[Feature][main]reconstruction kvpool connector to ascend connector #4438

fems14 · 2025-11-25T14:29:10Z

What this PR does / why we need it?

Does this PR introduce any user-facing change?

How was this patch tested?

vLLM version: v0.11.0
vLLM main: vllm-project/vllm@2918c1b

Signed-off-by: fems14 <[email protected]>

github-actions · 2025-11-25T14:29:18Z

👋 Hi! Thank you for contributing to the vLLM Ascend project. The following points will speed up your PR merge:‌‌

A PR should do only one thing, smaller PRs enable faster reviews.
Every PR should include unit tests and end-to-end tests ‌to ensure it works and is not broken by other future PRs.
Write the commit message by fulfilling the PR description to help reviewer and future developers understand.

If CI fails, you can run linting and testing checks locally according Contributing and Testing.

gemini-code-assist

Code Review

This pull request refactors the kvpool connector, renaming it to ascend connector and introducing a pluggable backend architecture. The changes are extensive, involving file renaming, code movement, and logic updates to support different storage backends like Mooncake and Memcache. While the refactoring improves modularity, I've identified several critical issues related to error handling, resource management, and potential runtime errors that need to be addressed to ensure the stability and correctness of the new implementation.
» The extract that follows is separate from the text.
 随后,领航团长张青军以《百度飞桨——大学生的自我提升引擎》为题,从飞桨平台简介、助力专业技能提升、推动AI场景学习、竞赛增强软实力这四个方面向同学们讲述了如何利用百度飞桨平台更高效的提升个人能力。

gemini-code-assist · 2025-11-25T14:32:18Z

vllm_ascend/distributed/kvpool/backend/memcache_backend.py

+    def get(self, key: list[str], addr: list[list[int]],
+            size: list[list[int]]):
+        try:
+            res = self.store.batch_get_into_layers(key, addr, size,
+                                                   MmcDirect.COPY_G2L.value)
+            for value in res:
+                if value != 0:
+                    logger.error(f"Failed to get key {key},res:{res}")
+        except Exception as e:
+            logger.error(f"Failed to get key {key}. {e}")
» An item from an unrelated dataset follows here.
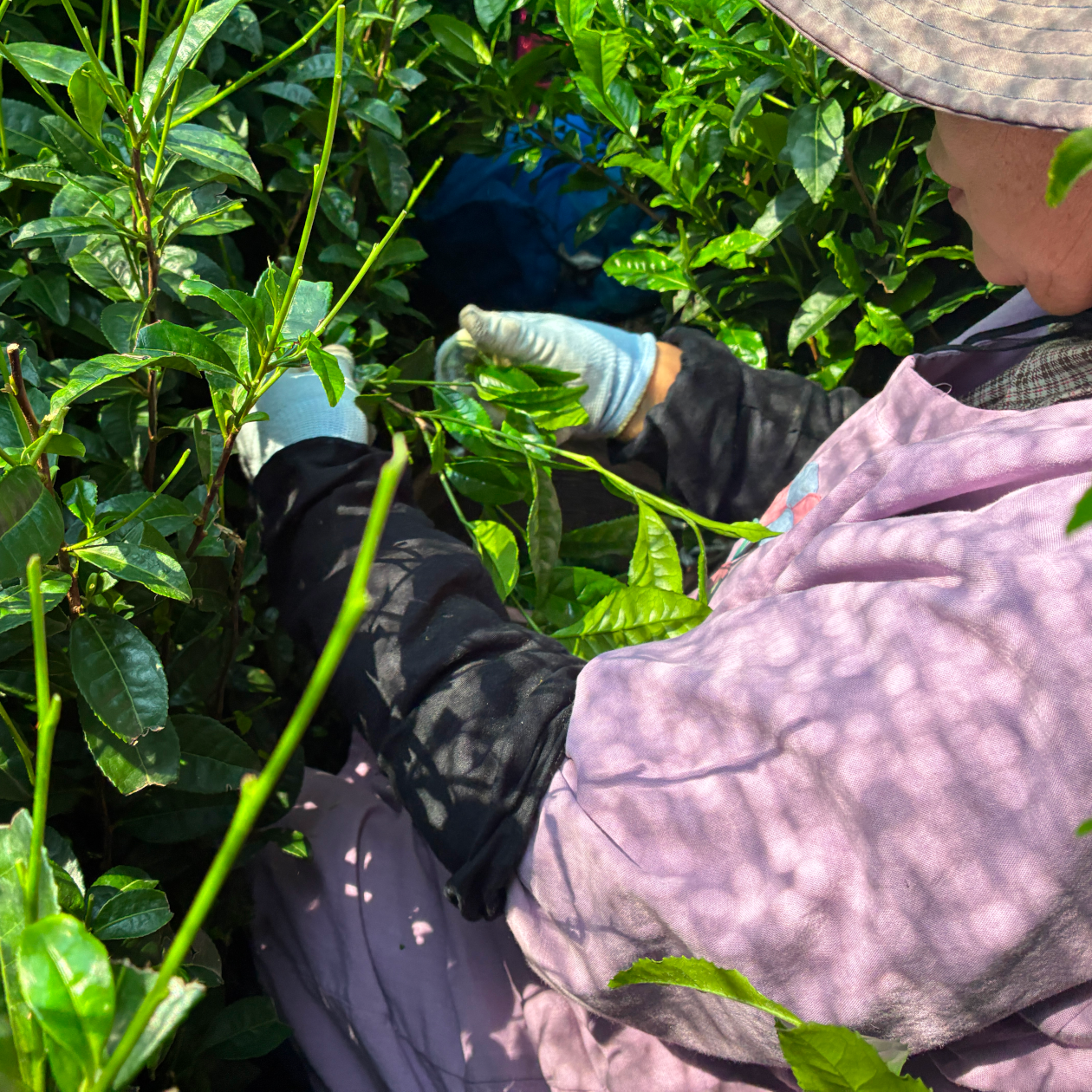 新茶の季節には地元の女性たちがお茶摘みさんとして柔らかい新芽だけを一枚一枚手摘みします。

The get method catches all exceptions and only logs them as errors, without re-raising. If fetching the KV cache from memcache fails, the model will proceed with uninitialized or incorrect data, leading to silent correctness issues and wrong model outputs. This is a critical bug.

The failure to retrieve cache data should be propagated up by raising an exception to ensure the system can handle the failure appropriately, rather than continuing with corrupted state. Additionally, the log message should be more specific about which key failed.

Suggested change

def get(self, key: list[str], addr: list[list[int]],

size: list[list[int]]):

try:

res = self.store.batch_get_into_layers(key, addr, size,

MmcDirect.COPY_G2L.value)

for value in res:

if value != 0:

logger.error(f"Failed to get key {key},res:{res}")

except Exception as e:

logger.error(f"Failed to get key {key}. {e}")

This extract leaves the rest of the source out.